One of the studies Nasdaq commissioned is by Merton Miller, a Nobel Laureate economist at the University of Chicago, and Kenneth R. Cone, vice president of Lexecon Inc., a Chicago-based economic consulting firm. The other study is by Dean Furbush of Economists Inc., an economic consulting firm.

The findings of the Furbush and Miller-Cone studies are aimed at refuting a study made public last May by two business school professors, William G. Christie and Paul H. Schultz. Their study found that many Nasdaq stocks were never quoted in odd eighths--that is, prices might be 20 or 20 1/4 or 20 1/2, but never 20 1/8 or 20 3/8 or 20 7/8. They concluded that the only reasonable explanation was that Nasdaq dealers were colluding to keep spreads wide.
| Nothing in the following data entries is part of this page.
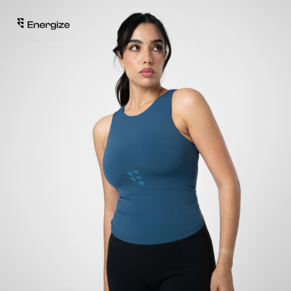 تألقي بأناقة وثقة مع توب "Energize" الرياضي بلونه الأزرق الداكن الجذاب. مصمم ليوفر دعمًا مريحًا وتهوية مثالية خلال تمريناتك. يتميز بشعار "Energize" البارز على الصدر لمسة أنيقة وخفية تذكرك بقوتك. مثالي لتمارين اليوجا، البيلاتس، أو كقطعة أنيقة لإطلالاتك اليومية.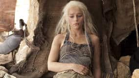 1. Staffel, Folge 9: Um Khal Drogo (Jason Momoa) vor dem Tod zu bewahren, greift Daenerys (Emilia Clarke) zu einem verbotenen Zauber. Indessen rücken die Armeen der Starks und der Lannisters gegeneinander vor.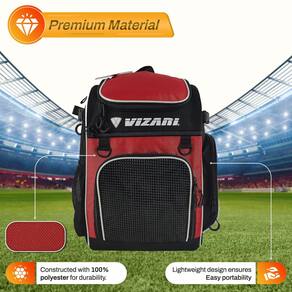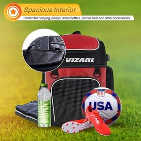 Vizari Mochila de futebol com compartimento de bola e bolso de bola ventilado e bolsos cargo laterais de malha para adultos e adolescentes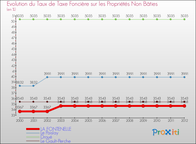 A La Fontenelle, le taux de taxe foncière sur le non bâti a donc augmenté de 3 % entre 2000 et 2012.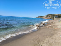 Пляж - лежаки были, вход в море - 1 метр от пляжа (на фото видно), заход в море очень напрягал, без коралок совсем плохо. Ноги скользят по разломанным плитам, волна сбивает с ног; если прилив, то ноги при выходе из воды вязнут в песке, а волна сбивает с ног. Вода в море чистейшая и теплая в сентябре.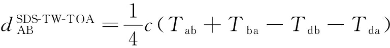 式中:c为电磁波传播速度常数,c=3×108m/s;Tab为节点A自发出测距帧到收到响应帧间的时间延迟;Tba为节点B自发出测距响应帧到收到二次响应帧间的时间延迟;Tdb为节点B自收到测距帧到发出响应帧间的时间延迟;Tda为节点A自收到测距响应帧到发出二次响应帧间的时间延迟。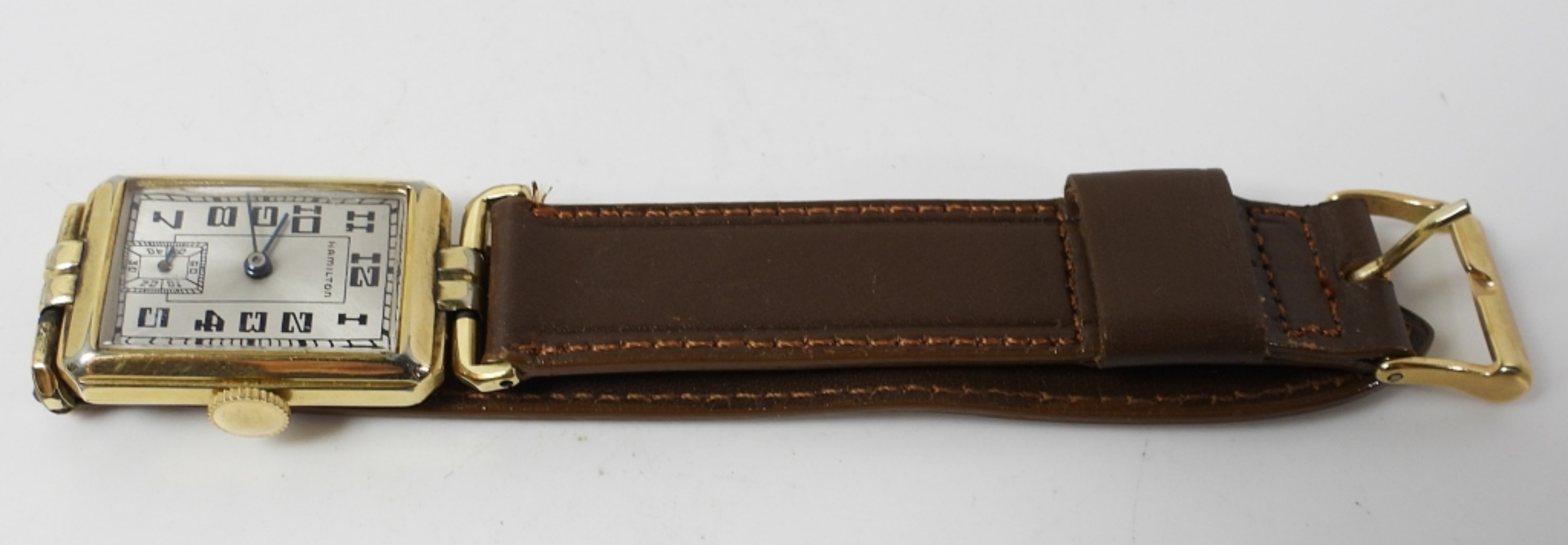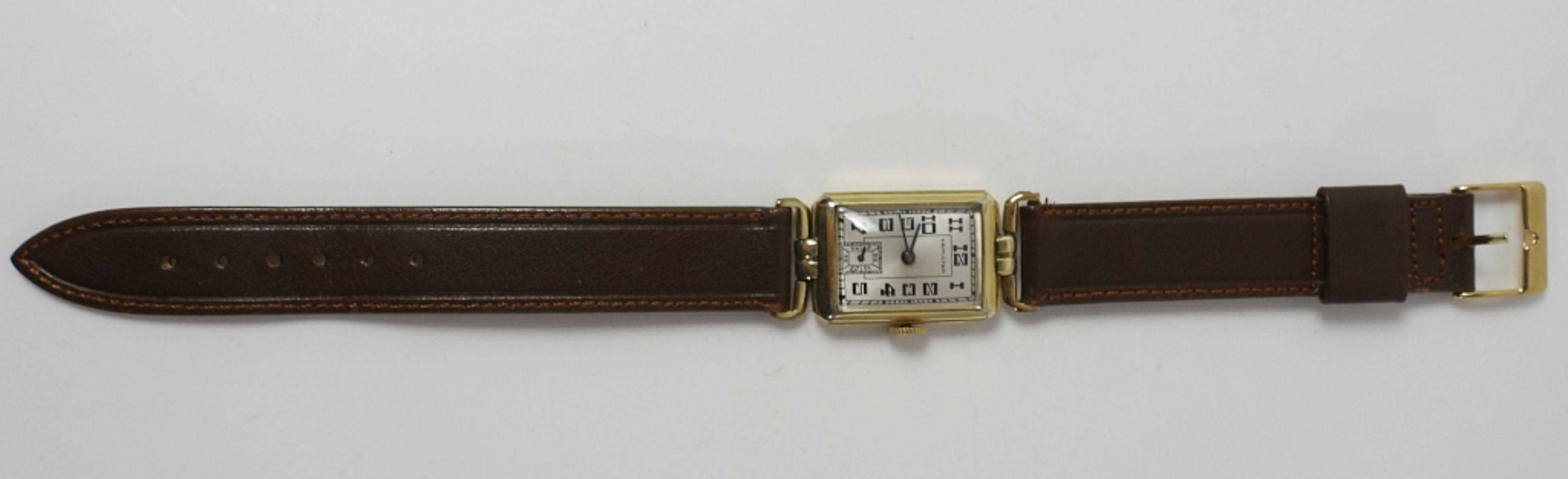 DIAL IS EXCELLENT (OLDER FINISH). 42mm LONG GOLD FILLED CASE (STAR). 17 JEWEL CAL 980 MOVEMENT. NEW STRAP.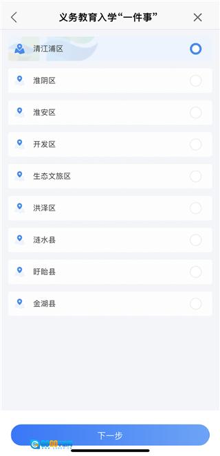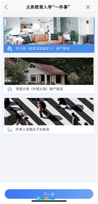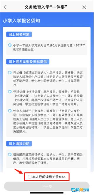 (4)确认信息准确无误后,点击“下一步”。接着选择报名学校所在的区划,再次点击“下一步”,随后选择报名类型,点击“下一步”,即可进入报名流程。(此文档以“凭父母(或其法定监护人)房产报名”作为示例,另外两种报名类型操作与之类似。)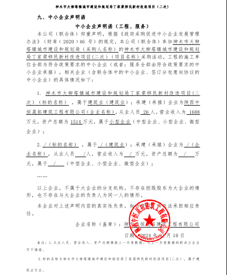 ----------------------------------招标机构发布信息原文:----------------------- 丁家渠移民新村改造项目(二次)磋商文件(2023122801).zip 神木市大柳塔镇城市建设和规划局丁家渠移民新村改造项目(二次)中标(成交)明细.pdf 中小企业声明函.jpg 十一、其他事项: ------------------------------------招标信息结束---------------------------- 标签: 中标 神木 城市建设 新村 规划局 移民 改造项目 上一篇: 2024年1月16日库伦旗公共事业发展中心2023-2024年库伦旗城区节日亮化工程结果公告 最新5000条招标信息列表: 滚动招标 |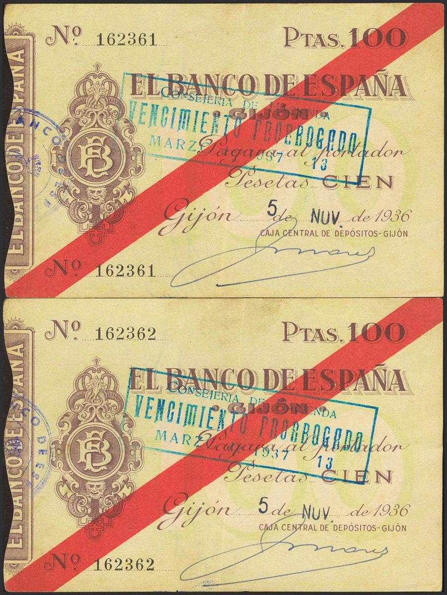 100 Pesetas. November 5, 1936. Gijón Branch. Correlative couple. No serie. (Edifil 2021: 384). Very rare pair, especially in this exceptional quality for this note, which is always in low qualities. Good Extremely Fine.

Spreads, essentially dealers’ profit margins, are the gap between the bid price, at which a dealer offers to buy a stock, and the (higher) asked price, at which a dealer offers to sell. Christie and Schultz said that by not quoting odd-eighth prices for many stocks, dealers ensured that spreads remained at least 1/4, or 25 cents.

But the summary of the Furbush study contended that “Nasdaq’s market structure makes Christie and Schultz’s ‘collusion’ conclusion inconceivable.”

Furbush, in an interview with Associated Press, sharply criticized the Christie-Schultz work as “bad economics” and said their “conclusion from their work doesn’t follow from their results.”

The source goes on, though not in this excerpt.